5.4 If VOC analysis is required, the bucket auger is used to reach the desired sample depth, a planer auger can be used to clean the base of the hole, and a hammered drive tube sampler (Fig. 2) can be used at the bottom of the hole. Drive ...
SCOPE
1.1 This practice describes the procedures and equipment used to collect surface and subsurface soil and contaminated media samples for chemical analysis using a hand-operated bucket auger (sometimes referred to as a barrel auger). Several types of bucket augers exist and are designed for sampling various types of soil.
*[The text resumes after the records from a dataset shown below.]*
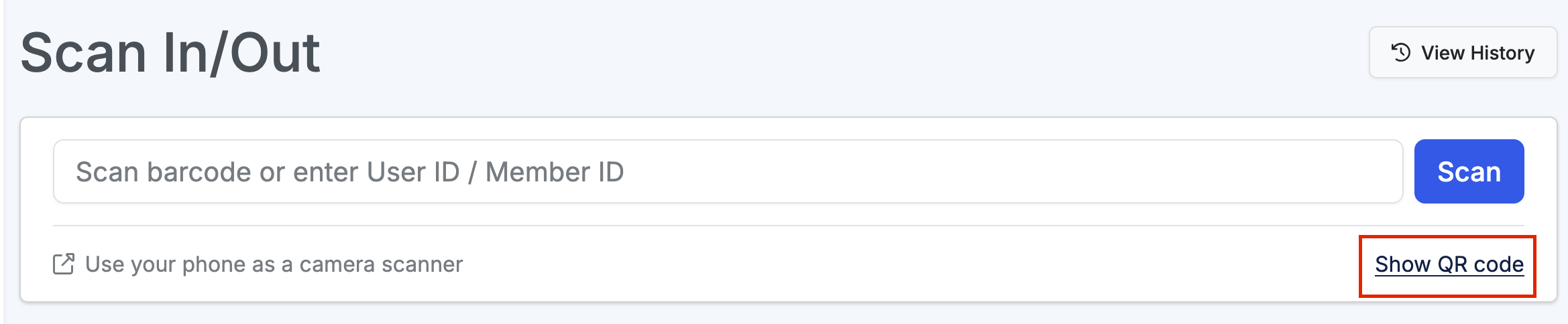 You can scan people in using two different methods, first on desktop using their membership number, the second is on mobile by scanning the QR code or barcode on their membership card
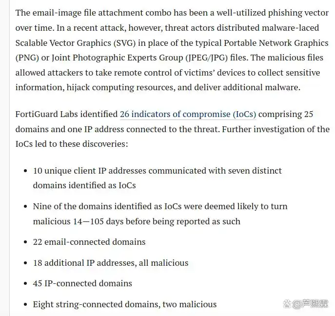 本文基于公开威胁情报与 DNS 历史数据,深入解析此类攻击的端到端链条:从 SVG 载荷构造、JavaScript 执行逻辑,到后续载荷投递机制,再到底层 DNS 基础设施的隐蔽设计。在此基础上,提出针对性的检测与缓解建议,旨在为组织构建面向新型载体的纵深防御体系提供技术依据。
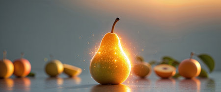 AI Generated. A cheerful glowing pear stands out among ordinary fruits on a reflective surface at sunset
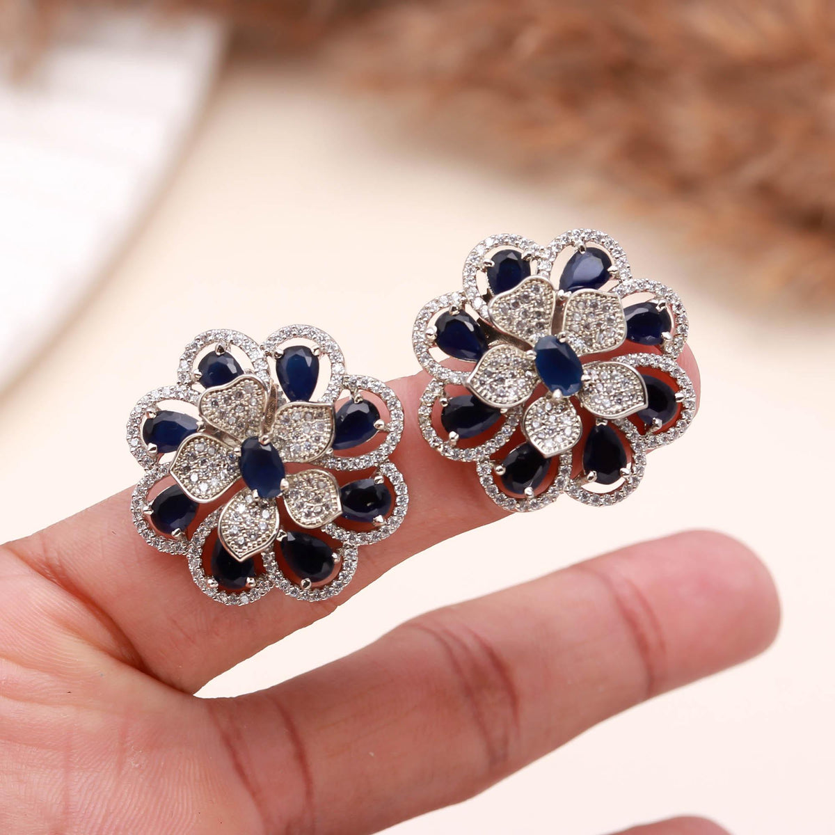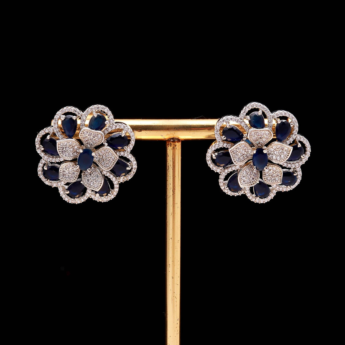 Luxury for everyday wear! Introducing these absolutely beautiful Sapphire Blue and White American Diamond (AD) Floral Stud Earrings, designed to give your ears an alluring, blossom-like appearance.
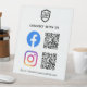A simple bold custom white business connect Us in Facebook & Instagram QR code pedestal sign in a modern minimalist style.

All bucket augers collect disturbed samples. Bucket augers can also be used to auger to the desired sampling depth and then, using a core-type sampler, collect a relatively undisturbed sample suitable for chemical analysis.
1.2 This practice does not cover the use of large 300 mm or greater diameter bucket augers mechanically operated by large drill rigs or similar equipment, such as those described in Practice D1452/D1452M, paragraph 5.2.4. Practice D1452/D1452M on auger borings refers to this hand auger included in Practice D6907 as a barrel auger.
1.3 Refer to Guides D4700 and D6232 for information on other hand samplers. The bucket auger is often used for shallow surface soil sampling, but there are many other types of handheld augers, flight, screw, rotary powered, and agricultural push tube samplers. Practice D1452/D1452M addresses larger powered solid stem flight auger systems.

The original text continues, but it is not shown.